Human splicing related genes localize within genomic regions frequently re-arranged in cancer

Alex K Joseph, Paul R Hoban
Human Disease and Genomics Group, Institute of Science and Technology in Medicine, Keele University, University Hospital of North Staffordshire, Hartshill, Stoke-on-Trent, ST4 7QB, United Kingdom

Pre-mRNA splicing is a tightly regulated process in gene expression, with alternative splicing providing functional diversity of genes in higher eukaryotes. Numerous examples of aberrant splicing events and deregulated expression of splicing factors have been described in tumors, suggesting that the process of splicing is deregulated in cancer. Chromosome rearrangements in the form of amplification, deletion or translocation, are common in tumors. In this study we have examined whether genes associated with the splicing process are located in regions of genomic re-arrangement in cancer. We first identified 195 splicing related genes (SRG) through their functional annotation in the NCBI Gene database and studied their genomic distribution according to their chromosomal localization given in Ensemble. We found that SRGs are non-randomly distributed in the human genome, with chromosomes 1 and 19 having the highest number of SRGs compared to others. After normalizing for the variation in chromosomal length, we found that the frequency of SRGs observed in chromosome 19 is almost 6 times the average found in the genome. Interestingly, we identified several clusters of SRGs, 4 on chromosome 19, 3 on chromosome 1 and the rest were distributed on 2p13, 5q35, 6p21, 11q13, 12q24 and 16q22. We then analyzed the reports in the Mitelman Database of Recurrent Chromosome Aberrations in Cancer (Cancer Genome Anatomy Project at NCBI) and found that all of the SRG-clusters identified were localized in regions of chromosomal re-arrangements commonly reported across a variety of cancers.

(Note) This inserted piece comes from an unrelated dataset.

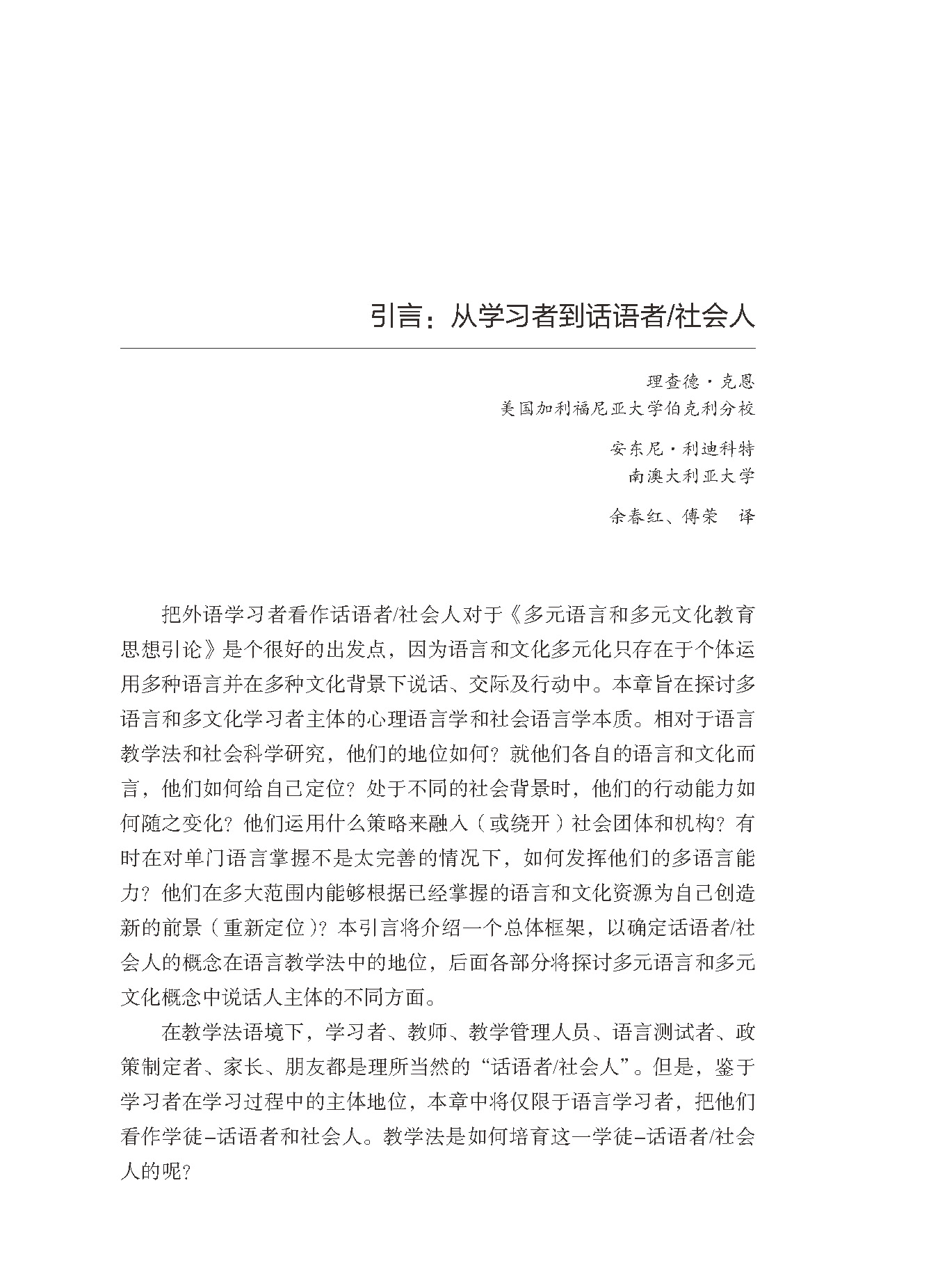 《多元语言和多元文化教育思想引论》是一部围绕同一主题,涉及不同学科的学术作品集。该书大的特点是具有国际性和跨学科性,展示了广阔的学术视野和多维的观察角度,因而信息丰富,观点纷呈,思想活跃,兼具广度和深度。这首先是因为本书的90位作者——来自欧亚非和拉美的68个单位或机构——均是不同领域中多元语言和多元文化教育问题的专家与学者,他们的学科背景涉猎哲学、社会学、政治学、语言学、认知科学、人类学、文学、心理学、历史学、地理学和外语教学法。其次是因为此书将21世纪的语言与文化教学置于欧洲一体化和世界全球化的背景下,开展对多元语言和多元文化教育的历史与现实的反思,讨论了近十年来外语教学和教育领域出现的诸多热点议题,如语言文化多元化、多元语言和多元文化能力、学习者与社会人、人员流动性、语言与身份认同、话语及其社会和文化表征、语言政策、学习策略,等等。此书"将教学实践、现场观察和理论分析融为一体",结论开放,激发人们思考。承担本书翻译工作的北京外国语大学法语系教师和博士研究生,著名语言与文化教学法研究学者傅荣教授对全书译文进行统稿和审校。

We found that specific clusters were more commonly associated with gene amplification whilst others were more associated with chromosomal deletion, suggesting that the expression of specific SRGs within these clusters maybe preferentially amplified or lost in tumors. In support of this finding, analysis of the published literature showed that 3 out of 4 SRGs found to be overexpressed in ovarian tumors, localize to the specific SRG-clusters found to be amplified in this study. In summary our data suggests that genomic re-arrangements in cancer may result in deregulated expression of SRGs, leading to the aberrant splicing that contribute to the clonal evolution of tumors. The localization of specific SRG clusters to genomic regions of amplification or deletion in tumors raises the question whether SRGs are the targets of these chromosomal re-arrangements.